How can I efficiently implement multithreading/mul

2019-07-16 09:14发布

问题:

Let's say I have a web bot written in python that sends data via POST request to a web site. The data is pulled from a text file line by line and passed into an array. Currently, I'm testing each element in the array through a simple for-loop. How can I effectively implement multi-threading to iterate through the data quicker. Let's say the text file is fairly large. Would attaching a thread to each request be smart? What do you think the best approach to this would be?

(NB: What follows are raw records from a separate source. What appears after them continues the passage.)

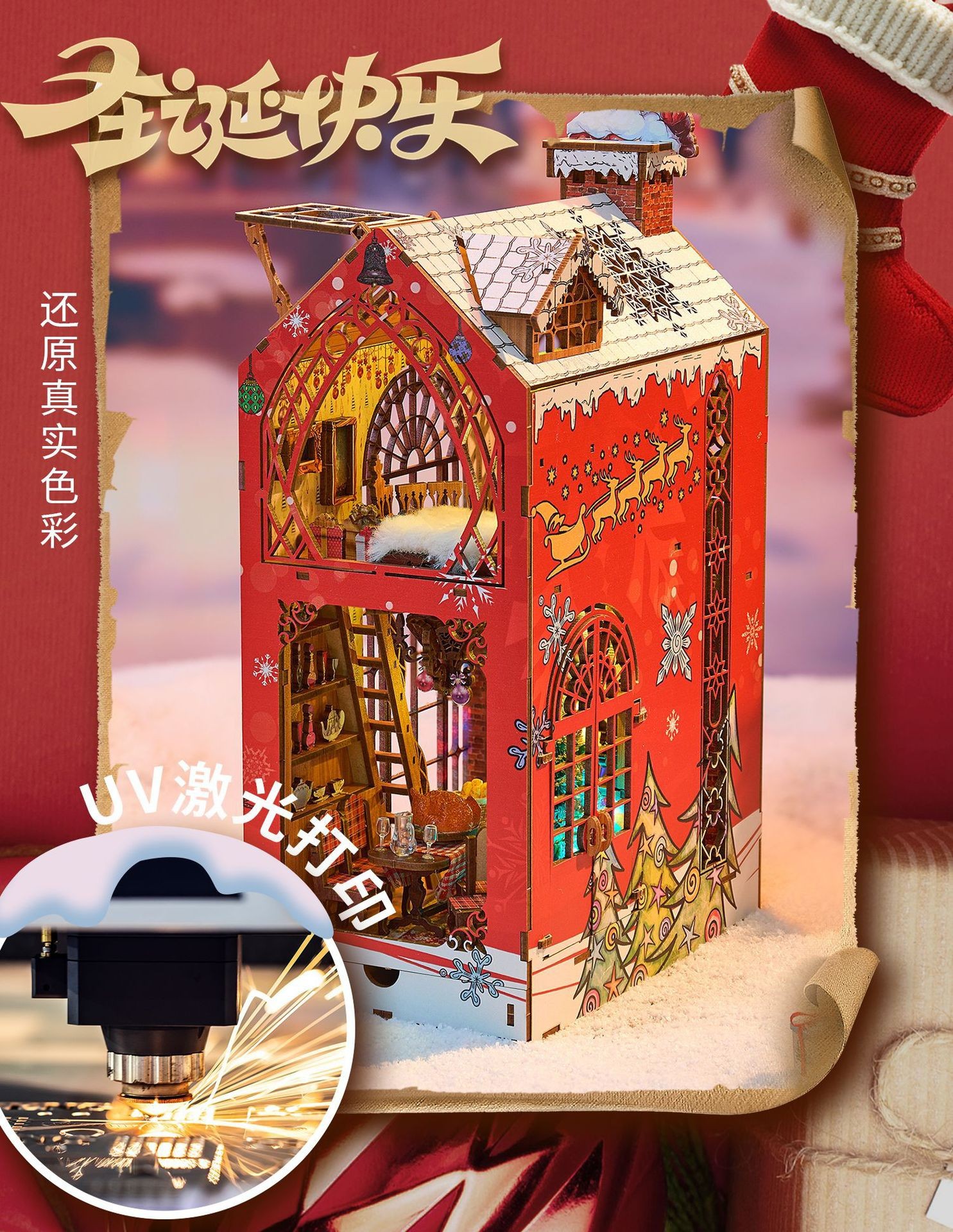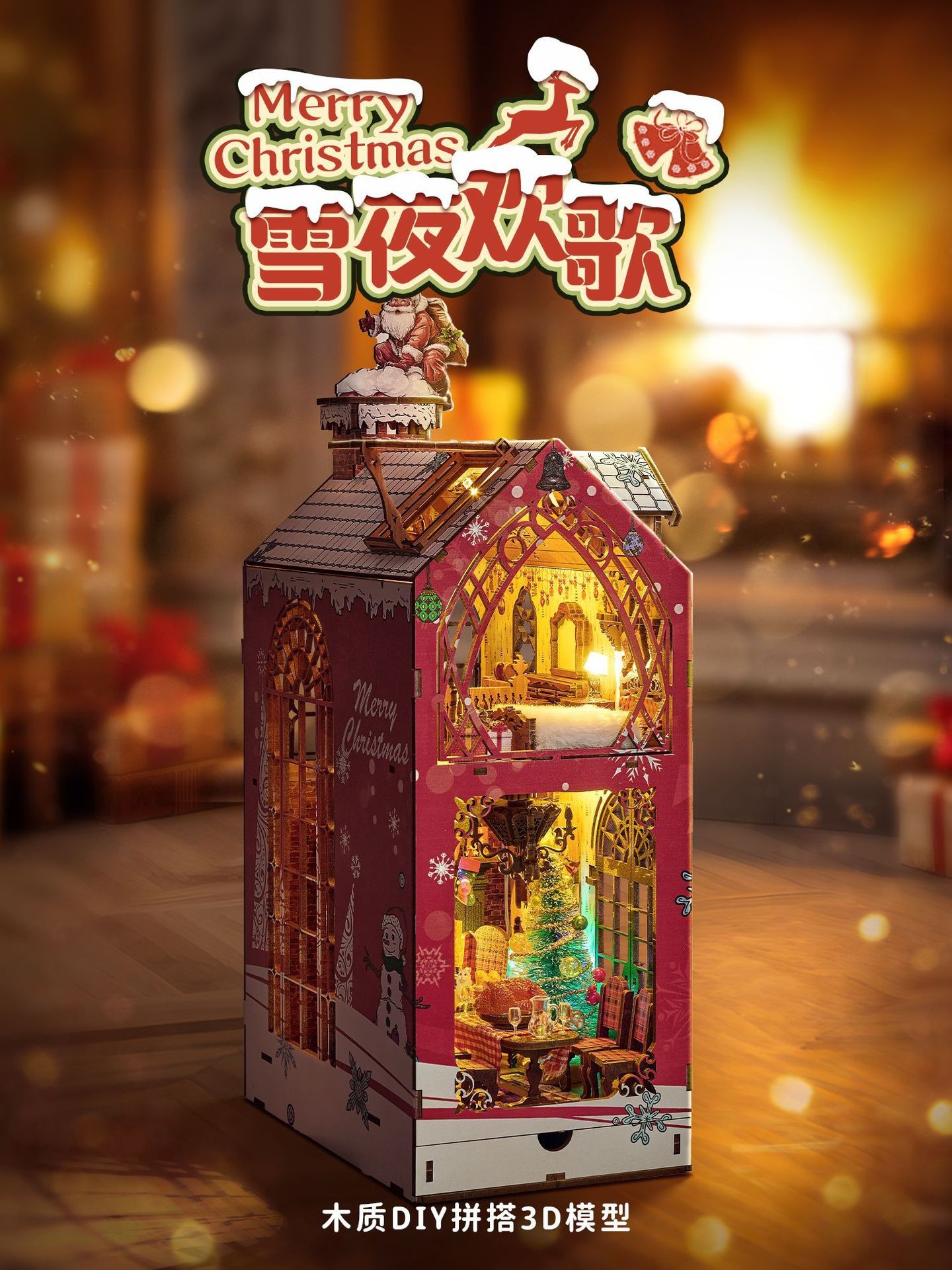 DIY 오두막 눈 밤 노래 3D 수제 조립 책 스탠드 마이크로 모델 건물 장난감 특별 선물스토어 가기
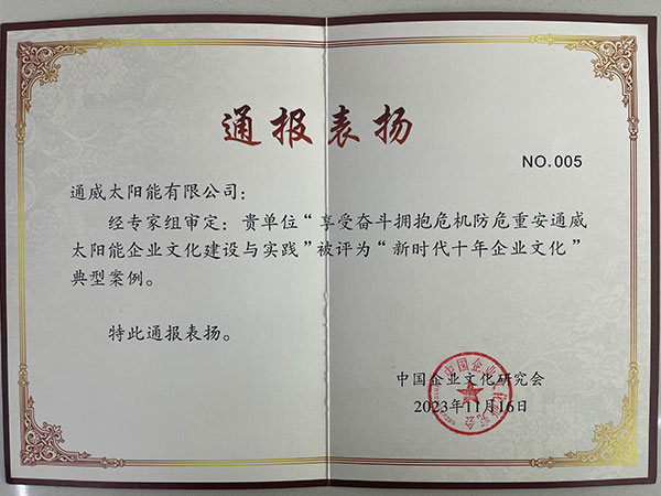 11月16日,由中國企業(yè)文化研究會主辦,以“總結(jié)新時(shí)代十年企業(yè)文化 探索數(shù)字化轉(zhuǎn)型文化路徑”為主題的第二十屆中外企業(yè)文化峰會于南京隆重召開,會上宣讀了新時(shí)代十年企業(yè)文化典型經(jīng)驗(yàn)、典型案例、先進(jìn)經(jīng)驗(yàn)和2023年度課題研究成果的表揚(yáng)決定,通威太陽能獲評“新時(shí)代十年企業(yè)文化”典型案例。
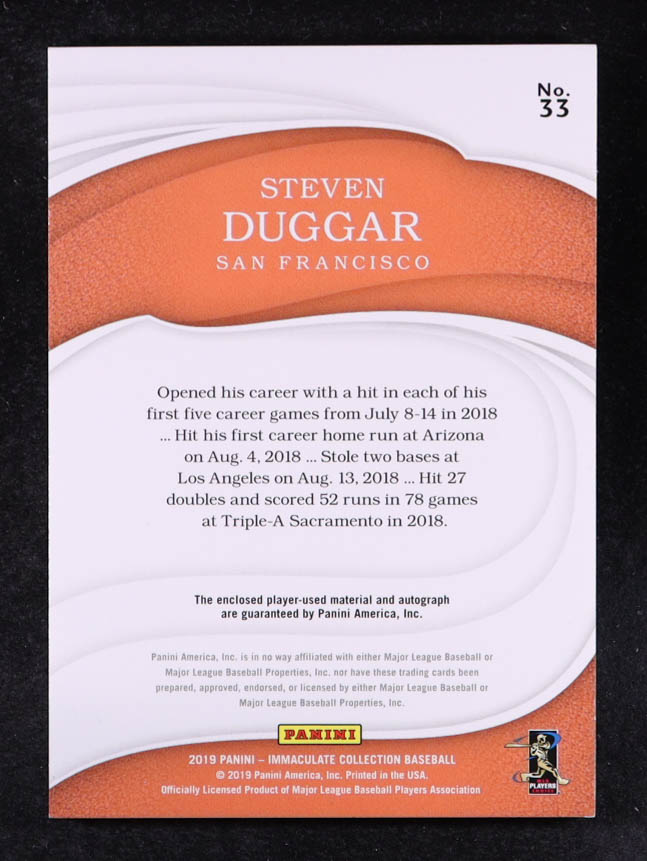 Steven Duggar 2019 Immaculate Collection #33 #90/99 JSY AU RC
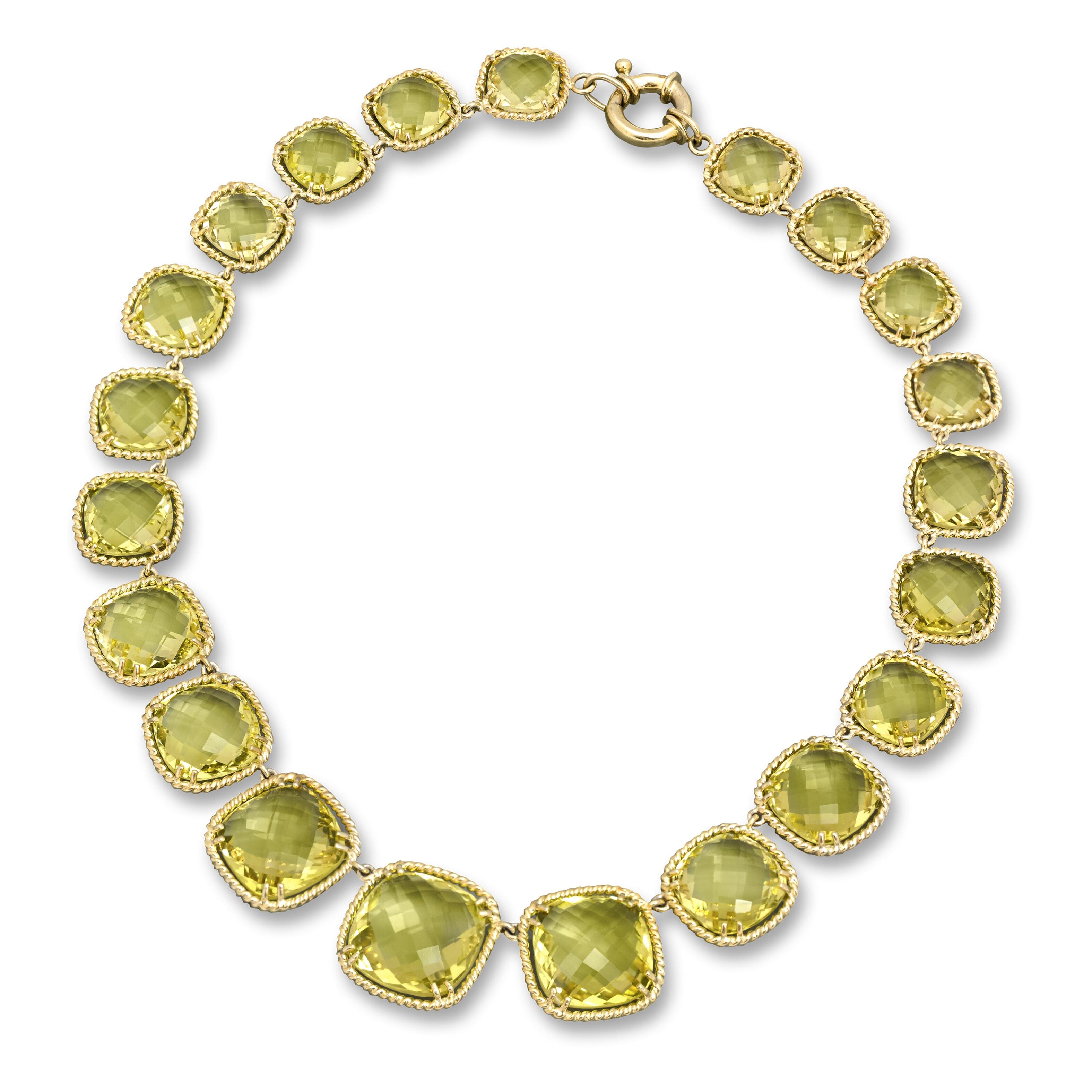 Graduating cushion briolette lemon quartz set into 18k yellow gold with twist rope borders. Stones range from 12mm to 20mm square (200 cts). Handmade in America. Exclusively at Scully & Scully.
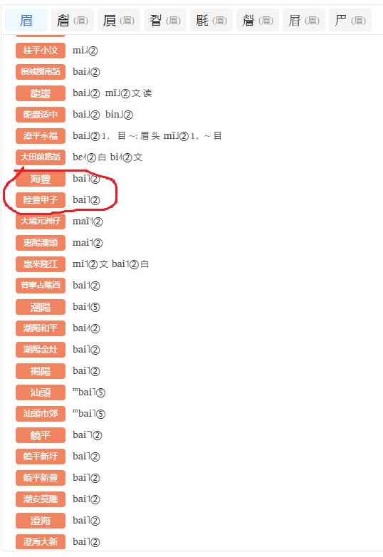 OCR:IMG:眉(眉)肩()(眉)(眉)(眉)眉()严(眉)桂平小汶mil 槟城围南话bai 龙bailmi文读能巖适中baibin 漳平永福baiJ1,目:眉头mi1,目大田前路话be白bi文海丰bail(2陆甲子bail 大埔元洲仔mai1惠阳澳头mai1惠来隆江mi1文bai1白普宁占雕西bai1潮阳bait 潮阳和平bai 潮阳金灶bail 揭阳bail 汕头bail 汕头市郊"bail 饶平bai 平新圩bail 饶平新丰bail 潮安莫雕bai1澄海bail 澄海大新bail
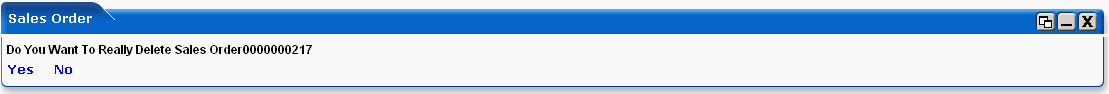 To delete the selected Sales Order Shipping Status Line Item click on the "Yes" hyperlink.
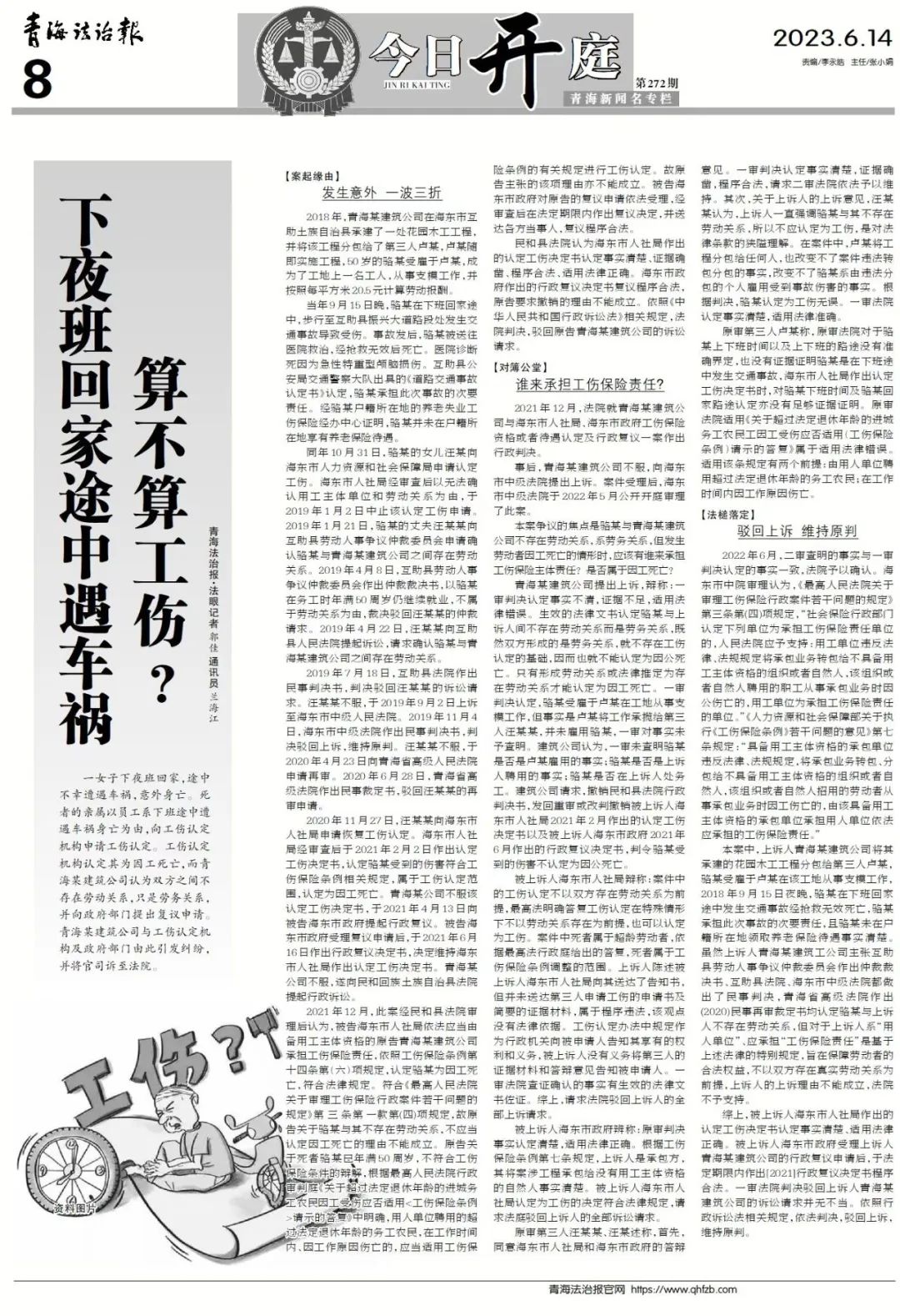 2022年6月,二审查明的事实与一审判决认定的事实一致,法院予以确认。海东市中院审理认为,《最高人民法院关于审理工伤保险行政案件若干问题的规定》第三条第(四)项规定,“社会保险行政部门认定下列单位为承担工伤保险责任单位的,人民法院应予支持:用工单位违反法律、法规规定将承包业务转包给不具备用工主体资格的组织或者自然人,该组织或者自然人聘用的职工从事承包业务时因公伤亡的,用工单位为承担工伤保险责任的单位。”《人力资源和社会保障部关于执行《工伤保险条例》若干问题的意见》第七条规定:“具备用工主体资格的承包单位违反法律、法规规定,将承包业务转包、分包给不具备用工主体资格的组织或者自然人,该组织或者自然人招用的劳动者从事承包业务时因工伤亡的,由该具备用工主体资格的承包单位承担用人单位依法应承担的工伤保险责任。”
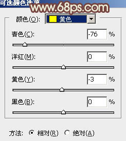 5、创建可选颜色调整图层,对黄,中性色进行调整,参数及效果如下图。这一步给图片增加红色。
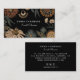Cartões de visitas de planificador de eventos florais florais modernos com elementos e folhas florais verdes e castanhos. Adicione suas informações de contato e mídias sociais à parte traseira da placa, em um fundo preto contrastante que faz com que as cores da Terra sejam pop.
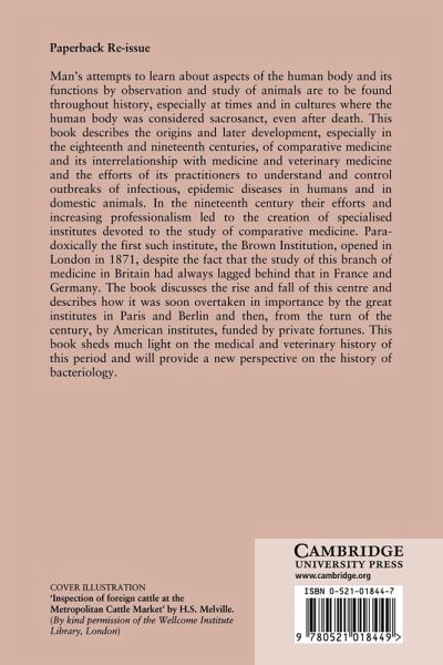 Man's attempts to learn about aspects of the human body and its functions by observation and study of animals are to be found throughout history, especially at times and in cultures where the human body was considered sacrosanct, even after death. This book describes the origins and later development, especially in the eighteenth and nineteenth centuries, of comparative medicine and its interrelationship with medicine and veterinary medicine and the efforts of its practitioners to understand and control outbreaks of infectious, epidemic diseases in humans and in domestic animals. In the nineteenth century their efforts and increasing professionalism led to the creation of specialised institutes devoted to the study of comparative medicine. Paradoxically the first such institute, the Brown Institution, opened in London in 1871, despite the fact that the study of this branch of medicine in Britain had always lagged behind that in France and Germany. The book discusses the rise and fall of this centre and describes how it was soon overtaken in importance by the great institutes in Paris and Berlin and then, from the turn of the century, by American institutes, funded by private fortunes. This book sheds much new light on the medical and veterinary history of this period and will provide a new perspective on the history of bacteriology.
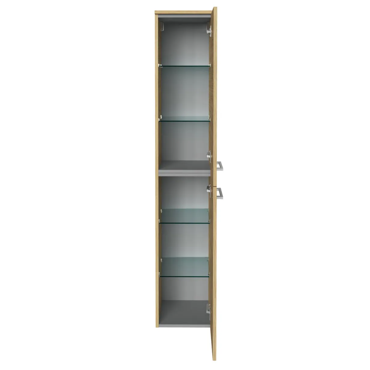 - – Ausstattung: 2 Türen Anschlag rechts, 4 Glaseinlegeböden, Querteile + Rückwand silbergrau, Korpus aus 2 Teilen

with open("c:\file.txt") as file:
     dataArr = file.read().splitlines()

dataLen = len(open("c:\file.txt").readlines())-1

def test(data):
     #This next part is pseudo code
     result = testData('www.example.com', data)
     if result == 'whatever':
          print 'success'

for i in range(0, dataLen):
    test(dataArr[i])

I was thinking of something along the lines of this, but I feel it would cause issues depending on the size of the text file. I know there is software that exists which allows the end-user to specify the amount of the threads when working with large amounts of data. I'm not entirely sure of how that works, but that's something I'd like to implement.

import threading

with open("c:\file.txt") as file:
     dataArr = file.read().splitlines()

dataLen = len(open("c:\file.txt").readlines())-1

def test(data):
     #This next part is pseudo code
     result = testData('www.example.com', data)
     if result == 'whatever':
          print 'success'

jobs = []

for x in range(0, dataLen):
     thread = threading.Thread(target=test, args=(dataArr[x]))
     jobs.append(thread)

for j in jobs:
    j.start()
for j in jobs:
    j.join()

回答1:

This sounds like a recipe for multiprocessing.Pool

See here: https://docs.python.org/2/library/multiprocessing.html#introduction

from multiprocessing import Pool

def test(num):
    if num%2 == 0:
        return True
    else:
        return False

if __name__ == "__main__":
    list_of_datas_to_test = [0, 1, 2, 3, 4, 5, 6, 7, 8]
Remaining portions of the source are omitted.